Ele se cansa muitas vezes.

Ele se refugia em algum recanto da alma tentando se esconder do tédio que mata os relacionamentos.

Não é preciso confundir fadiga com desamor.

O amor ama.

Quem ama, ama sempre.

O que desaparece é a musicalidade do sentimento.

A causa?

O cotidiano, o fazer as mesmas coisas, o fato de não haver mais mistérios, de não haver mais como surpreender o outro.

São as mesmices: mesmos carinhos, mesmas palavras, mesmas horas... o outro já sabe!

Falta magia.

Falta o inesperado.

O fato de não se ter mais nada a conquistar mostra o fim do caminho.

Nada mais a fazer.

Muitas pessoas se acomodam e tentam se concentrar em outras coisas, atividades que muitas vezes não têm nada a ver com relacionamentos.

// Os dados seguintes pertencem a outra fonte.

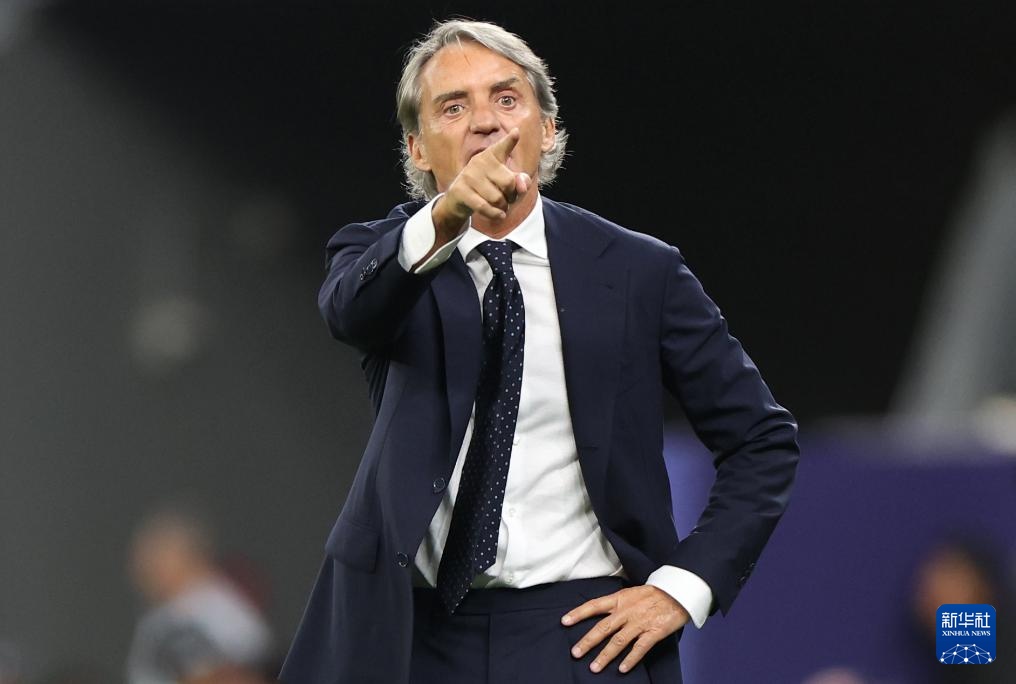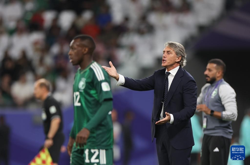 1月30日,沙特阿拉伯队主教练罗伯托·曼奇尼在场边指挥。新华社记者 曹灿 摄
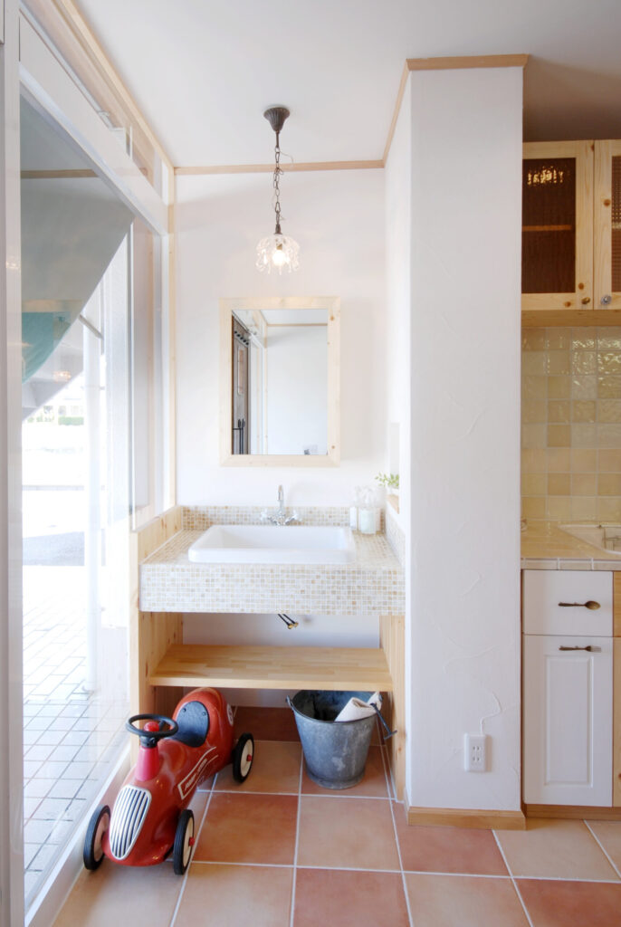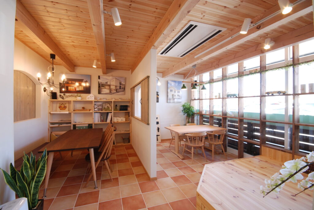 岐阜市にある『岐阜正木店』は天井の梁や塗り壁など、自然素材のぬくもり溢れる店舗。造作洗面化粧台やオーダーキッチンなど、ナチュラルなライフスタイルが体感できます。

Outras procuram aventuras.

Elas querem, a todo custo, se redescobrir vivas; querem reencontrar o que julgam perdido: o prazer da paixão, o susto do coração batendo apressado diante de alguém, o sono perdido em sonhos intermináveis e desejos infindos.

Não é possível uma vida sem amor.

Ou com amor adormecido.

Se você ama alguém, desperte o amor que dorme!

Vez ou outra, faça algo extraordinário.

Faça loucuras, compre flores, ofereça um jantar, ponha um novo perfume...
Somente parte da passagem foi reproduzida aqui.